Zwei Flanken schicken den HSV in die Hölle

Das alles sorgte in der Summe nicht dafür, dass Heidenheim Chance um Chance bekam. Vielmehr ging die Dominanz aus der ersten Halbzeit flöten. Heidenheim kam öfter geordnet aus der eigenen Hälfte, konnte öfter den Ball auf die Flügel herauslegen, konnte mehr Flanken schlagen. Viel mehr sah ihre Strategie auch nicht vor.

Dennoch: Auch unter diesen taktischen Voraussetzungen darf der HSV diese Partie niemals verlieren. Zwei suboptimale Flanken von Schnatterer genügten am Ende, damit Heidenheim die Partie drehen konnte. Bei beiden Hereingaben sah die Innenverteidigung der Hamburger alles andere als souverän aus. Beim ersten Treffer fehlte eine Absicherung am ersten Pfosten, beim zweiten Treffer blieb der hintere Bereich völlig unbesetzt.

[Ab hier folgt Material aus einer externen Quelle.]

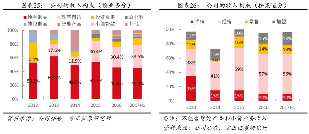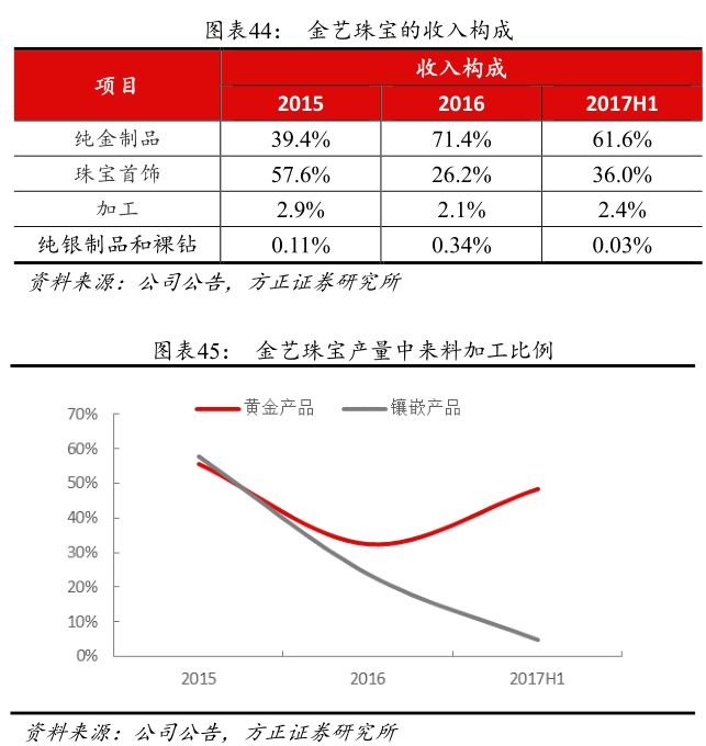 公司的产品可分为三大类,分别是贵金属工艺品、黄金珠宝首饰和智能可穿戴设备。截至2017H1,公司拥有研发设计人员达232人,占公司员工总数的8.26%;已与中国美术学院签署合作协议,在传承发展中国工艺美术、“学院+企业”、建立创新人才培养与实践基地、共同建设艺术衍生品开发基地等方面达成合作。产品亦不断推陈出新,已推出“瑞金·1931”、“玫瑰之心”、“珠联壁合”、“水韵”等具有文化特色的系列产品,此外还结合新签品牌代言人推出主打产品品牌“喜悦”(由北京奥运会奖牌主创设计师之一的肖勇带领的金一设计团队设计开发),打造一系列喜文化产品占据黄金珠宝喜事消费场景。

Der HSV verschenkte damit ein Spiel, dass er nie im Leben verschenken darf. Zugleich wies der Ablauf der Partie zahlreiche Parallelen auf zum bisherigen Verlauf der Saison: Zu Beginn sahen die Ansätze durchaus vielversprechend ist. Die taktische Formation war clever gewählt, die Mannschaft setzte die Anweisungen des Trainers leidenschaftlich um. Doch diese Dominanz schwand mit der Zeit, ehe man sich in buchstäblich letzter Sekunde selbst um den Punkt brachte. Auch wenn der Spielverlauf nicht ansatzweise mit dem desaströsen Auftreten am Ende der vergangenen Saison zu vergleichen ist: Damals wie heute brachte der HSV sich im Saisonschlussspurt um den Aufstieg.